Using a multi-armed bandit technique, we propose centralized and semi-distributed online algorithms for load balancing user association and handover in mmWave-enabled networks. Load balancing at all base stations (BSs) imposes explicit constraints that makes the actions of all user equipment (UEs) co-dependent, a challenging twist to reinforcement learning. We propose a central load balancer to guarantee load balancing at all BSs for every learning step. We consider two association vectors: one for leaning update, and one best-to-date for data transmission, allowing UEs to engage in best-result data transmission while effectively participating in a background learning process indefinitely.

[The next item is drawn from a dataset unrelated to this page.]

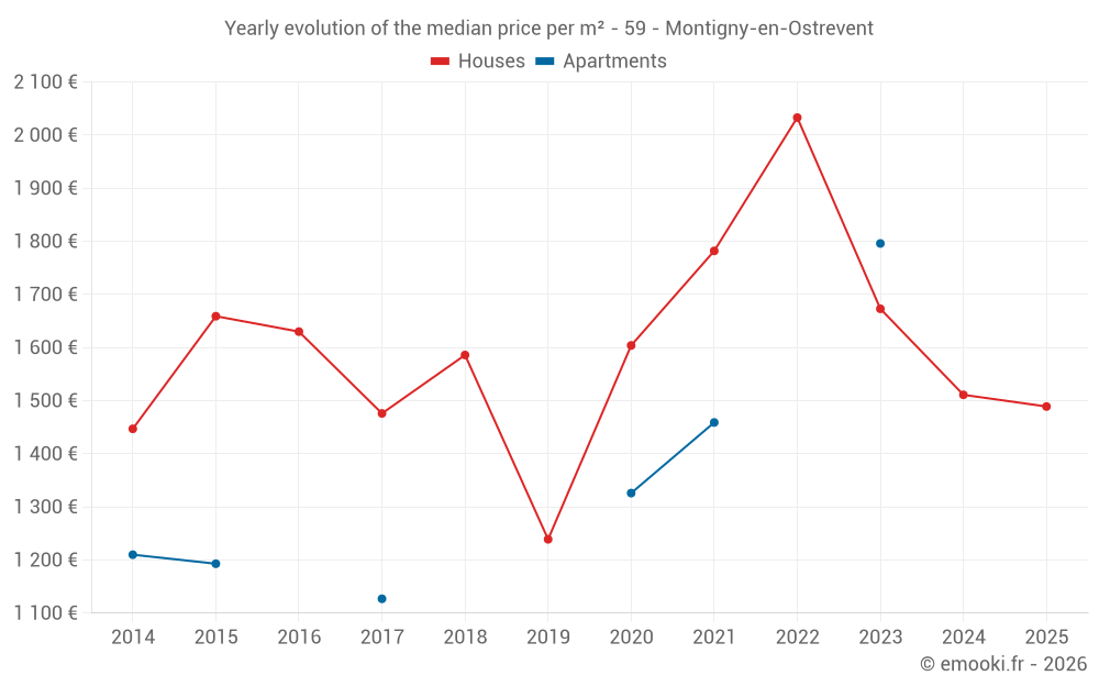 The median price on the 25 house transactions of the last 12 months in the municipality of Montigny-en-Ostrevent was 1 519 € per square meter for a median property value of 161 050 €. Over this period, 60% of transactions were between 1 088 and 2 062 € per square meter (from the 2nd to the 8th deciles).

For dynamic networks, we introduce a measurement model capturing rapid channel variations and user mobility. To minimize handover rate, we also differentiate between the handover cost for transmission and that for learning, and introduce a learning handover cost decreasing with sojourn time. The proposed algorithms can be implemented online as they require no offline training and can effectively adapt to network dynamics. Numerical results show that the proposed algorithms exhibit fast learning convergence and outperform 3GPP handover by achieving an order of magnitude lower handover rate at a significantly higher network sum-rate, reaching within 94-97% of the near-optimal worst connection swapping benchmark algorithm.